Technically speaking, pain is considered chronic whenever it lasts longer than it should, given the underlying cause: a successful surgery leaving pain long after the wounds have healed; a broken bone that heals leaving nerve pain  long afterwards; a patient whose successful cancer treatments leave her body  in pain, seemingly unconnected to the disease that has been cured. They say that, as a rule of thumb, if it still hurts after six months, it is called chronic.

But this clinical definition doesn’t fully explain the valence of the term. No one ever says: "she is chronically joyful" or "I am chronically peaceful." Anything chronic is, by definition, undesirable, out of control and, usually, sad.  It is not just that it is with us all the time but that it is with us against our will.  We can make peace with all kinds of unplanned things, but the word “chronic” doesn't suggest a productive peace process. It doesn’t suggest anything fluid or manageable.  When a conflict is chronic, even a ceasefire seems unlikely. It is more like of a war of attrition – it just drags on and on.
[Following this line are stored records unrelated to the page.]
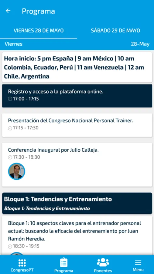 El programa incluye ponencias sobre temáticas de interés para quien ejerce o pretende ejercer en el campo del entrenamiento personalizado.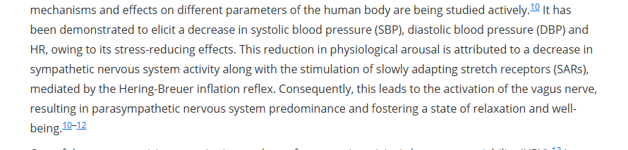 But not all breathing techniques are equal. Nadi Shodhana (alternate nostril breathing) was tested on hypertensive patients. Just 10 minutes led to immediate reductions in systolic blood pressure, diastolic blood pressure, and heart rate. The effects lasted 6 weeks.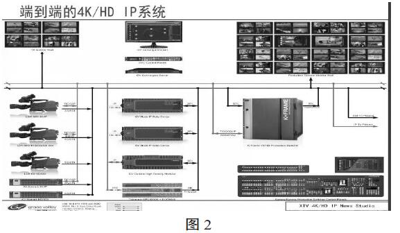 IP技術在廣電行業里面已經應用很久,什么樣的架構才符合現在的行業需求?所有IT架構里面較典型的數據中心的架構是分層架構,有核心層、匯聚層、應用層。其中核心和匯聚層沒有區別,真正跟業務相關的是應用層。對此,草谷公司認為首先不會改變IP化本身架構,不繼承傳統廣播電視單體設備化的方向,這樣就得到真正為廣播電視服務的數據中心。基于上述概念,草谷公司建立正式的4K/HD IP系統和傳統系統是不一樣的,不再是從左到右線性化圖。如圖2所示。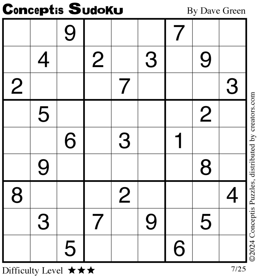Conceptis Classic Sudoku for Jul 25, 2024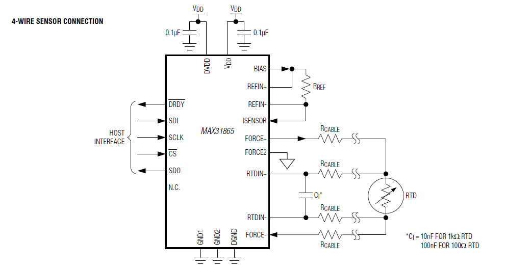 A single external resistor sets the sensitivity for the RTD being used, and a precision 15-bit delta-sigma ADC converts the ratio of the RTD resistance to reference resistance into digital form, for nominal temperature resolution of 0.03125⁰C °C and accuracy of 0.5⁰C under all operating conditions and extremes.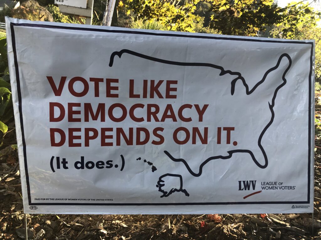 I took a photo of that sign to post on my social media with the comment, “For our #democracy, a sign I recently saw while knocking on doors for Democratic candidates in Gresham, OR. All of us need to step up our game to speak out, have tough conversations with friends and family, make phone calls, knock on doors, support Democratic candidates, and #vote if we want to keep our freedoms and standard of living.”

And then there is pain. We think of pain as something solid rather than malleable, out of our control, something, at best, to be endured. Most of the time, we feel viscerally that pain is destined to go away.  And it usually does. Except when it is chronic.

When pain is with us, it is also outside of us: it is forced upon us. We feel that we have no control. No negotiation or integration is possible. Pain -- as opposed to, say, sensation – is unpleasant, aggressive and beyond our control. It insists on being in the drivers seat.
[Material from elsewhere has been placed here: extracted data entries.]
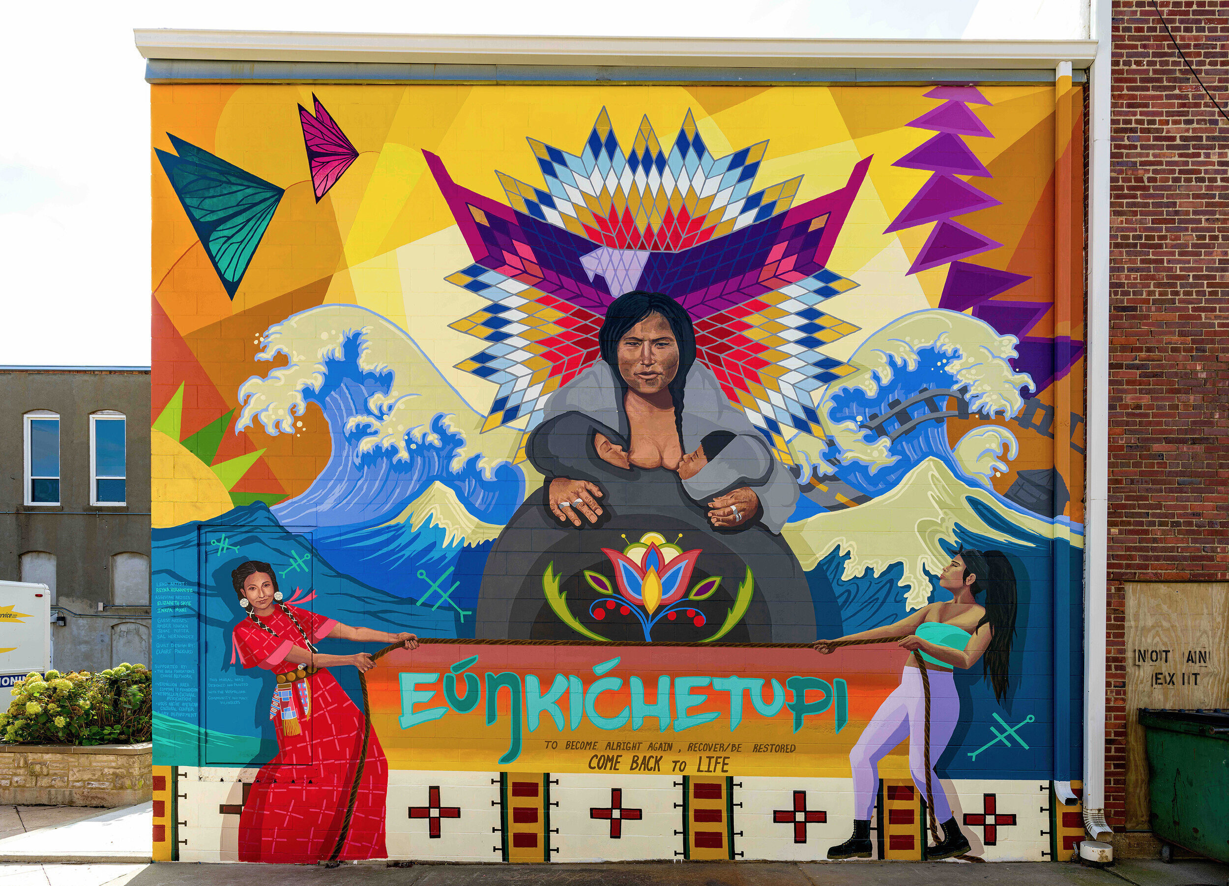 It was exciting to discover Amber and Reyna’s work, partly because such work has fallen out of fashion in Britain since I trained as a community muralist in London, 40 years ago, but also because of its exceptional quality. These photos could make it seem easy to do and to look at, but don’t be fooled. It takes great skill to design a composition that works on this scale within its surroundings. It needs to be immediately legible and attractive – after all, public space belongs to and must welcome everyone – yet still contain layers of visual richness and cultural meaning that will reward repeated viewing. Magic happens when a piece drops into place, allowing someone to really see something that they’ve looked through a hundred times. References to Lakota symbols or Beyoncé’s Lemonade, might be transparent to one person but reveal new horizons to another.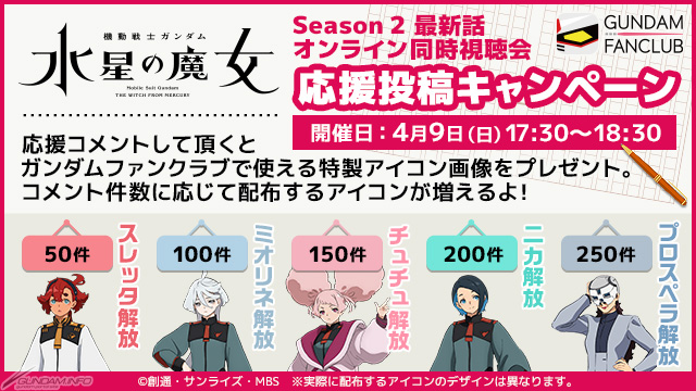 また、GFC内で設定できる特製アイコン画像をプレゼントする「『水星の魔女』アイコン画像プレゼントキャンペーン」も同日より開催。コメント数に応じてアイコン画像が増えるので、奮って参加してみよう。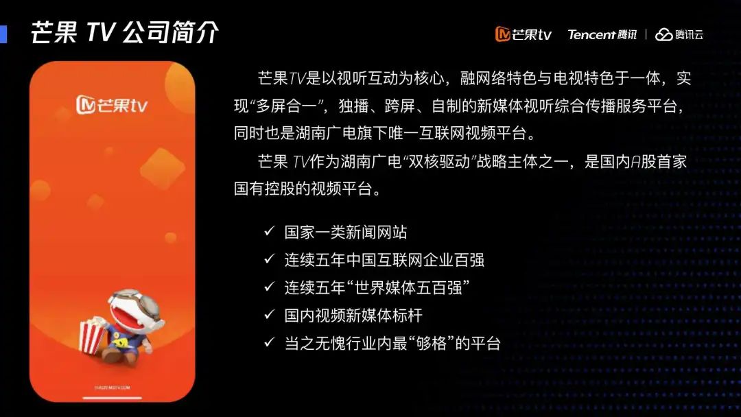 芒果 TV 作为湖南广电双核驱动的战略主体之一,是国内 A 股首家国有控股的视频平台。经过这么多年的发展,获得非常多的荣耀。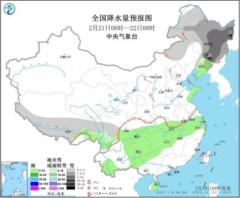 图2 全国降水量预报图(2月20日08时-21日08时)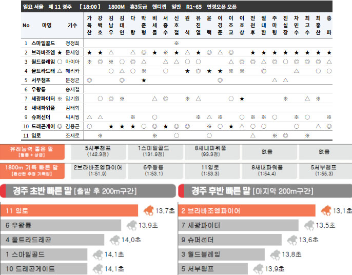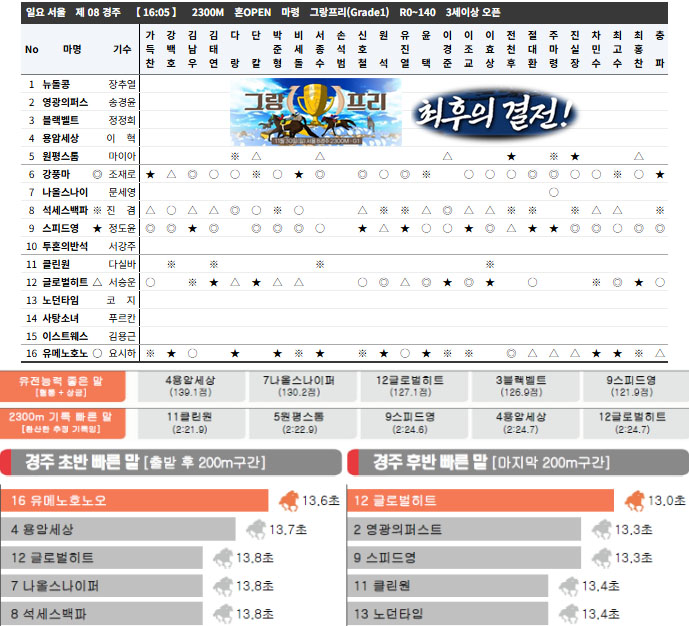 서울8R 총상금 10억원, 우승상금 5억5천만원의 연도대표마 및 최우수 국산마 선발 코리아 프리미어 시리즈 파이널 제43회 그랑프리(Grand Prix, G1, 2300) 한일 대결! 일본 고치 에이스 유메노호노오(夢の炎, 몽염)가 최외곽에서 YTN배 3착 설욕에 나선다.

And when we put these two words together things really get intense.  With chronic pain, you are up against a formidable adversary.

But when you enter the world of pain management you need to (gradually, step-by-step) unlearn these things in order to regain a sense of control. Until I had chronic pain -- and began to research some of the ways to deal with it -- I never imagined that you could soften pain, work with it, integrate it into your life, to turn pain into mere sensation. All of this is easier said than done. Managing chronic pain is about learning a variety of practices that once sounded flakey to me. These include meditation, biofeedback, breathing exercises and various techniques of occupational and physical therapy that often touch on the seeming minutiae of they way you conduct your daily life.

You learn to distinguish between primary and secondary pain, about how habits of the mind can inflame our pain. You learn techniques to reprogram your brain (really!!) so that you don’t turn a relatively minor pain into something worse  than it needs to be. (BTW: this is something that happens all the time. There is an underlying biological reason for it. It keeps us running from the threat that caused the pain in the first place. But in the case of chronic pain it is dysfunctional: the wild animal that attacked us is long gone, so the “fight or flight instinct” only inflames things further without helping us to escape the predator). I can’t really explain the neuroscience of all this, although some of it has been explained to me over and over. But I can say that as a twenty-first century person, it is hardly shocking to hear that our minds are not fixed and inflexible, that they are constantly changing through various neurological processes and that we can deliberately influence how this happens. I can even believe that the phrase "chronic pain" suggests some outmoded concepts about how our minds and bodies work and about how we can influence them.